- WORK TO BE COMPLETED:
Transcribe the listing underneath, keeping each word exact and omitting the images.

- COLLECTED DATA:
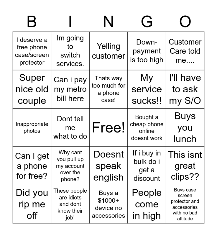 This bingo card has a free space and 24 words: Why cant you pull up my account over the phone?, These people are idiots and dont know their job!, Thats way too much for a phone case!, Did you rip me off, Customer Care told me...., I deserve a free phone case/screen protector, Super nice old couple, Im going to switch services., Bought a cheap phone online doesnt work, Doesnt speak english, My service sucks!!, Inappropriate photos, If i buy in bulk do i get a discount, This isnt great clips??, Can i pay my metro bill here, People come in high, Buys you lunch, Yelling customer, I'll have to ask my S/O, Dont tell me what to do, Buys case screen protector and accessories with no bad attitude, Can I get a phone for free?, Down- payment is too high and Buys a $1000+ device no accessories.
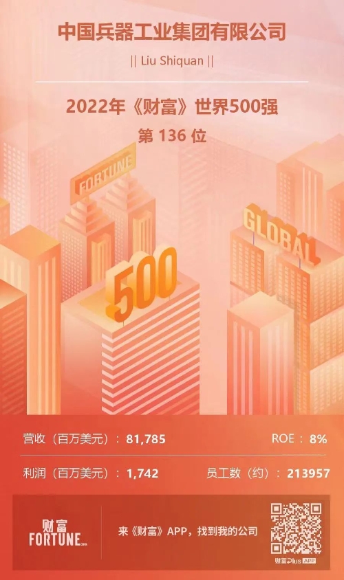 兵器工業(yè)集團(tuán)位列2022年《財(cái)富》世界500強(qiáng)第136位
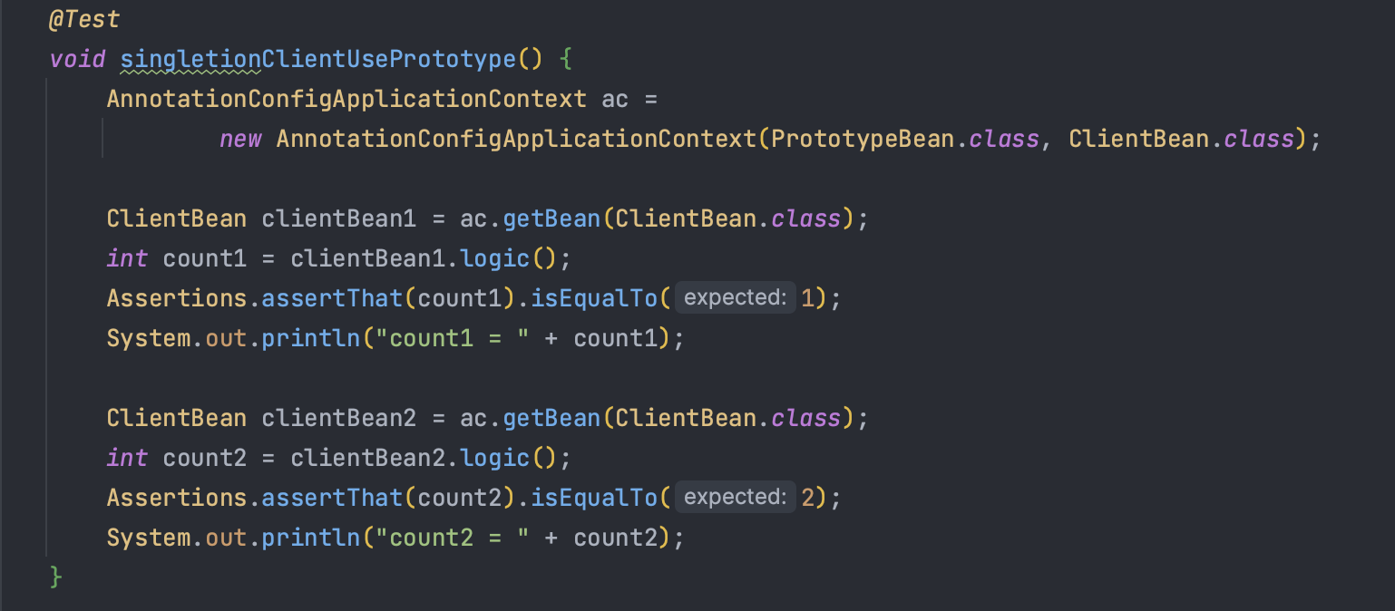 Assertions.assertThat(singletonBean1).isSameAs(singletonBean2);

- YOUR SOLUTION:
 This bingo card has a free space and 24 words: Why cant you pull up my account over the phone?, These people are idiots and dont know their job!, Thats way too much for a phone case!, Did you rip me off, Customer Care told me...., I deserve a free phone case/screen protector, Super nice old couple, Im going to switch services., Bought a cheap phone online doesnt work, Doesnt speak english, My service sucks!!, Inappropriate photos, If i buy in bulk do i get a discount, This isnt great clips??, Can i pay my metro bill here, People come in high, Buys you lunch, Yelling customer, I'll have to ask my S/O, Dont tell me what to do, Buys case screen protector and accessories with no bad attitude, Can I get a phone for free?, Down- payment is too high and Buys a $1000+ device no accessories.
 兵器工業(yè)集團(tuán)位列2022年《財(cái)富》世界500強(qiáng)第136位
 Assertions.assertThat(singletonBean1).isSameAs(singletonBean2);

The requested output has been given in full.